Facts about Glaucoma and Filing for Disability

These selected pages answer some of the most basic, but also some of the most important, questions for individuals who are considering filing a claim for disability benefits.

  • Filing the Application for disability benefits

  • Applying for disability with Glaucoma

  • Blind in one eye and a Learning Disability, Do I have a Case?

  • How to qualify for disability

  • Receiving Social Security Disability benefits if you are blind

  • Qualifications, Requirements and Criteria for disability

  • Legally blind with retinitis pigmentosa, can I also file for disability?

  • How to win your disability benefits

  • Getting approved for disability based on being blind

  • Facts about the condition

    1. Glaucoma refers to several diseases (glaucoma and a variety of optic neuropathy conditions) that cause damage to the optic nerve, resulting in loss of eye sight.

    2. It is the second most common cause of blindness. Glaucoma is the 'silent' or 'sneak' thief of sight, as there is no pain or any other symptoms, and loss of eye sight sometimes happens so gradually that the disease is not recognized until it is in an advanced stage.

    3. There are two primary categories of glaucoma ' open angle and closed angle. Open angle is the chronic, slow progression glaucoma that may not be recognized for a long time.
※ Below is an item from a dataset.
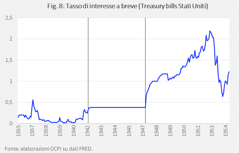 L’aumento del debito pubblico è spesso facilitato dal ricorso alla repressione finanziaria; questa implica raccogliere risorse a basso costo attraverso strumenti come i tetti ai tassi d’interesse, l’obbligo di acquisto di titoli di Stato e l’innalzamento delle riserve obbligatorie per le banche, per sterilizzare l’impatto inflazionistico del finanziamento monetario del deficit pubblico. È quanto accadde nel 1942 negli Stati Uniti, quando il tasso a breve termine fu imposto e bloccato allo 0,375%, nonostante l’alta inflazione (Fig. 8).[14] In Italia, durante la Seconda guerra mondiale, al finanziamento dello sforzo bellico contribuì la subordinazione del sistema bancario, largamente controllato dallo Stato tramite l’IRI. Le principali banche di proprietà pubblica canalizzarono il credito verso il Tesoro e le imprese impegnate nella produzione bellica a tassi di interesse contenuti e non determinati dal mercato.[15]

Closed angle glaucoma is often sudden and painful with rapid loss of vision, but these noticeable symptoms usually motivate patients to see a doctor and often avoid permanent damage.
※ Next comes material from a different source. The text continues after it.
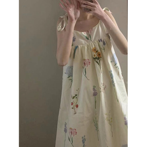 YUMO法式站在奶油阳光下「多种穿法的蝴蝶结连衣裙...

    4. Although there are rarely noticeable symptoms of glaucoma, eye doctors can screen for the disease through regular check-ups. Intraocular pressure, visual field, and the optic nerve can all be examined during those visits to look for signs of glaucoma. These tests look for high pressure in the eye, loss of side vision, and slight change or damage to the main nerve in the eye.

    5. If detected early, glaucoma can be managed and damage can be halted.
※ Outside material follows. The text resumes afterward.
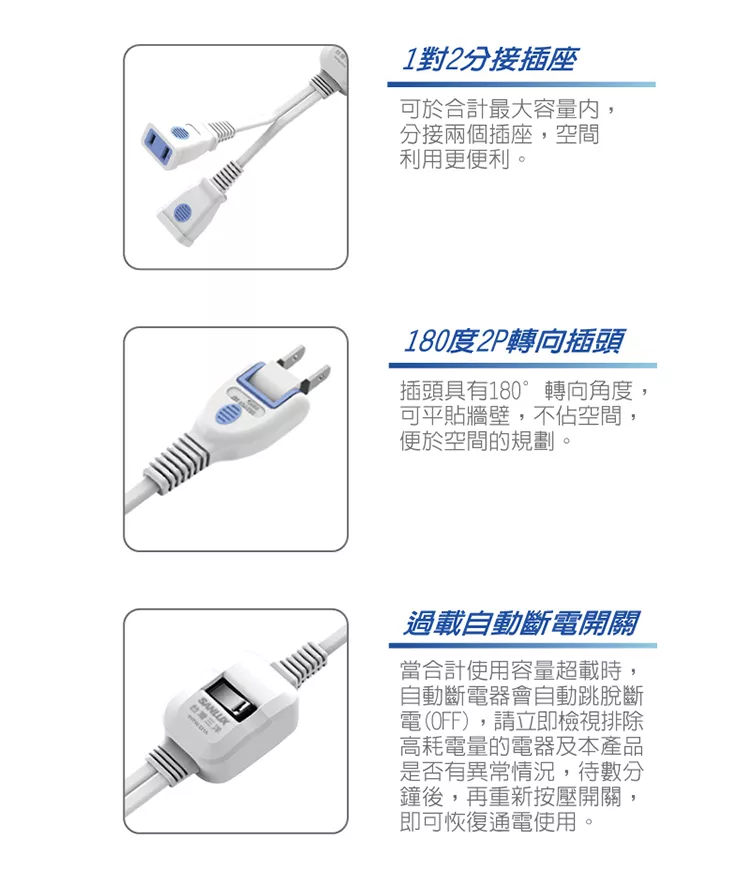 Tyson太順電業 213CC 2孔1切3座+雙USB充電延長線(轉向平貼插座)-0.9M

    6. Glaucoma is primarily treated by lowering the intraocular pressure in the eye. The first and most common treatment step is eyedrops, followed by oral prescriptions, neuroprotective drugs, and finally surgery. Surgery is usually considered for those who cannot tolerate the medications or if the medications do not help their glaucoma.

    7. Those over the age of 60 are most likely to develop glaucoma. Roughly one in 10 people over the age of 80 have glaucoma, while only about one in 200 have glaucoma under the age of 50.

    Qualifying for disability benefits with this condition

    Whether or not you qualify for disability and, as a result, are approved for disability benefits will depend entirely on the information obtained from your medical records.

    This includes whatever statements and treatment notes that may have been obtained from your treating physician (a doctor who has a history of treating your condition and is, therefore, qualified to comment as to your condition and prognosis). It also includes discharge summaries from hospital stays, reports of imaging studies (such as xrays, MRIs, and CT scans) and lab panels (i.e. bloodwork) as well as reports from physical therapy.

    In many disability claims, it may also include the results of a report issued by an independent physician who examines you at the request of the Social Security Administration.

    Qualifying for SSD or SSI benefits will also depend on the information obtained from your vocational, or work, history if you are an adult, or academic records if you are a minor-age child. In the case of adults, your work history information will allow a disability examiner (examiners make decisions at the initial claim and reconsideration appeal levels, but not at the hearing level where a judges decides the outcome of the case) to A) classify your past work, B) determine the physical and mental demands of your past work, C) decide if you can go back to a past job, and D) whether or not you have the ability to switch to some type of other work.

    The important thing to keep in mind is that the social security administration does not award benefits based on simply having a condition, but, instead, will base an approval or denial on the extent to which a condition causes functional limitations. Functional limitations can be great enough to make work activity not possible (or, for a child, make it impossible to engage in age-appropriate activities).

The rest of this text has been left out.